I completed it the other day, and am doing the post-game content now.
It's fantastic. Best FF I've played in 15 years.

But yeah, the last two chapters or so are a bit of a slog.

Qui-Gon Joe Dec 28, 2016

I also "just" finished this (a couple weeks ago), so a few thoughts!

FFXV, for me, is the total definition of something being greater than the sum of its parts.  So many individual parts of it are a total mess.  Combat is either great or terrible depending on the type of encounter and the environment in which it takes place.  The open world + more linear style that each half of the game employs make it feel very disjointed and like you're playing two totally different games.  The tone is ALL over the place ("everyone's dead and SO SAD and we're running and SO SCARED but also at the very same time "WOOOO ROOOOOAD TRIIIIP" is very... odd).  Characters who aren't the main four seem like they should be interesting but are not developed well enough at all.  So many wasted opportunities with good characters and generally good plot but sooooo much happens off-screen and so much is just implied that it feels very rushed and incomplete regardless of how long a development cycle this thing had.  Also, the less said about Cidney the better.  Man am I glad no other human was over to see me playing when I made the mistake of filling up the car at Hammerhead.

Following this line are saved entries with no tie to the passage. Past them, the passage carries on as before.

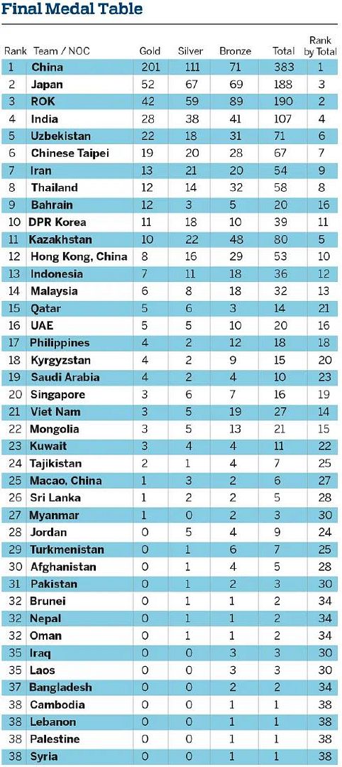 當然中國是“遙遙領先”... 縂獎牌數比第二第三的日韓加起來還多。 |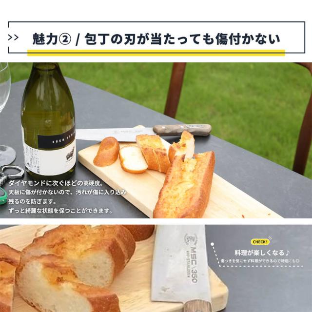 ダイヤモンドに次ぐほどの高硬度なので天板に傷が付きにくいので、ずっと綺麗な状態を保つことができます。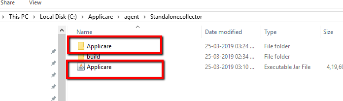 2. If you are going to deploy the agent in the new machine then copy the "Applicare" folder or "Applicare.jar " from the Applicare server machine to Agent machine. If you copied the "Applicare.jar" file then create a folder named "Applicare" and extract the files in that directory.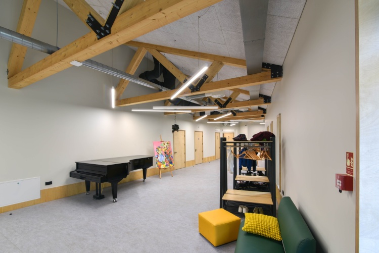 2.kārtas telpu kopējā platība 386 m2 - trīs klašu telpas, multifunkcionāla telpa (ēdamzāle/skolēnu atpūtas telpa starpbrīžos).
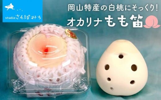 もも笛(ももぶえ)は2020年に岡山で誕生した新しいオカリナです。岡山県民でさえ本物の白桃と見間違える出来で、どなたでも簡単に音が出せて、少し練習すれば「桃太郎」のメロディーを吹くことができます。吹いて楽しく、飾ってかわいく、贈ってびっくりの岡山らしいオカリナです。どんな年代の方にも喜ばれるプレゼントとしても人気です。桃太郎以外の楽譜もついていて、吹き方説明動画もご用意しています。「行列のできる相談所」に出演し明石家さんまさんに褒めていただきました。もも笛の売り上げの一部は岡山の河川清掃活動費として使われます。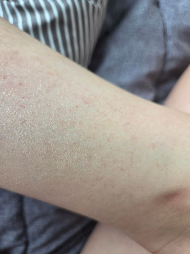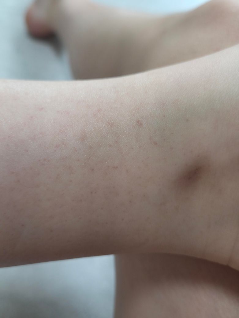 다리부터 무릎쪽까지에 붉고 적은 점들이 있어요 팔이나 몸에는 없고요.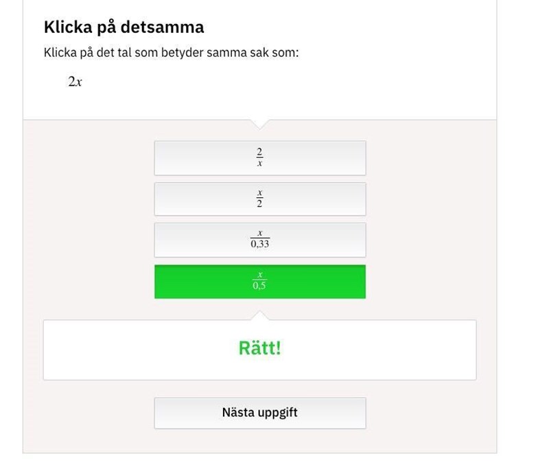 Om du har två päron (2x) och delar upp dem i en hög (2x/1) så är det två päron (2x) i varje hög.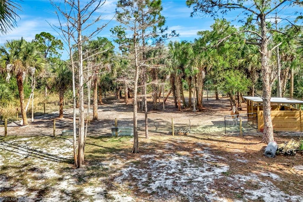 This exceptional Naples residence combines refined finishes with privacy and convenience in an ideal setting. The home features elegant 24x36 tile throughout and a striking volume-ceiling entryway highlighted by custom ceiling and a beautiful designer light fixture. Designed with an open-concept floor plan and detailed ceilings, the main living areas flow effortlessly, creating an inviting space ideal for both everyday living and entertaining. At the heart of the home is a chef’s kitchen anchored by a large island with seating, offering the perfect place to gather and chat with family and guests. The kitchen is thoughtfully appointed with stainless steel appliances, a gas cooktop with pot filler, under-cabinet lighting, a coffee bar, and a beverage center. A large laundry room with pantry space and sink, along with abundant storage throughout the home, enhances everyday functionality. The spacious primary suite provides a serene retreat with pendant bedside lighting, an enormous custom-designed walk-in closet, and a luxurious spa-like bathroom showcasing high-end finishes. Three additional guest bedrooms feature custom closet built-ins and are complemented by two beautifully designed guest baths with floor-to-ceiling tile—one with a walk-in shower and one with a bathtub— accented by mounted mirror sconces. Outdoor living is equally impressive, featuring a covered outdoor kitchen with gas cooktop and an oversized patio overlooking a private backyard, horse stall, and an abundant variety of fruit trees. The property offers ample room to add a pool while still maintaining generous space for animals or a large garden. Enjoy the best of both worlds—peaceful privacy with close proximity to everyday conveniences. Two Publix stores, shopping, restaurants, and gas stations are just minutes away, with Immokalee Road and Collier Boulevard approximately seven minutes from the property. Experience sunny, warm Naples living at its finest.
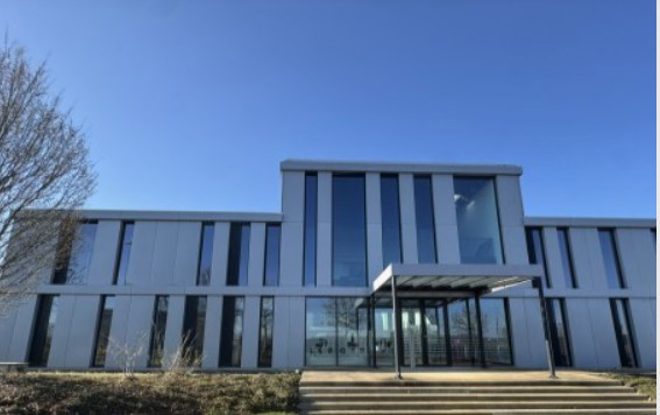 Semi-industriële gebouw dat magazijn-, kantoor- en polyvalente ruimtes combineert.

The open world aspect of the game was an interesting experiment, but Square could stand to take a good, hard look at Monolithsoft as a Japanese developer who knows how to make an open world that is actually interesting.  Even in Xenoblade X, which was tremendously disappointing compared to the original Xenoblade, I could never wait to crest the next hill and see what amazing sights were awaiting.  Not so in FFXV.  Aside from a few cool areas, the world was very realistic and... kind of bland.  I never really wanted to explore all that much, and any time I DID venture off the beaten path I was stuck in oddly solid polygon models of bushes.

I know that all sounds tremendously negative, but I actually did end up actually quite enjoying my time with the game.  The four main characters were vastly more likable than I anticipated they would be.  After the awful character writing in XIII, this was pretty refreshing.  I also enjoyed that the game wasn't afraid to shy away from more... depressing(?) plot events?  It felt harsher and less sanitized than I'd expect from a big-budget mainstream affair.  Combat was much smoother and played a lot better than I thought it would after the demos.  I really enjoyed going through Prompto's pictures.  Somehow the whole game just had an odd sense of... charm to it that I wasn't expecting, and it made me like it far more than it probably deserves given all the problems it has.

I guess the last thing to address is the soundtrack.  Overall I do quite like it, but there are a lot of tracks that I really don't like at all (read: basically any town theme), and credits from the mp3 album seem to indicate Shimomura didn't have as much of a hand in a lot of music as Square wants us to believe.  If I were her, I think I'd WANT to distance myself from some of the stuff on it.  That said, there's a lot of really really good stuff there, and the battle themes are outstanding.  I also felt, oddly enough, that the moment the original vocal version of Somnus started playing was the most emotional moment of the game for me.  That had far more to do with the EIGHT YEARS between hearing it for the first time on drammatica and finally hearing it in game, though, I think.

I hope there is a FFXVI after this and that it is a more coherent vision than this game was.  I believe that now more than any time in the last decade, Square is on the upswing and capable of regaining much of what they've lost.  They're clawing at the door of greatness, but aren't *quite* there yet.

jb Dec 29, 2016 (edited Dec 29, 2016)

I have to agree with most of what Qui-Gon Joe said. My biggest problem with the game was pacing. It was really bad in every aspect of the game. In story, in combat, in progression, even in music.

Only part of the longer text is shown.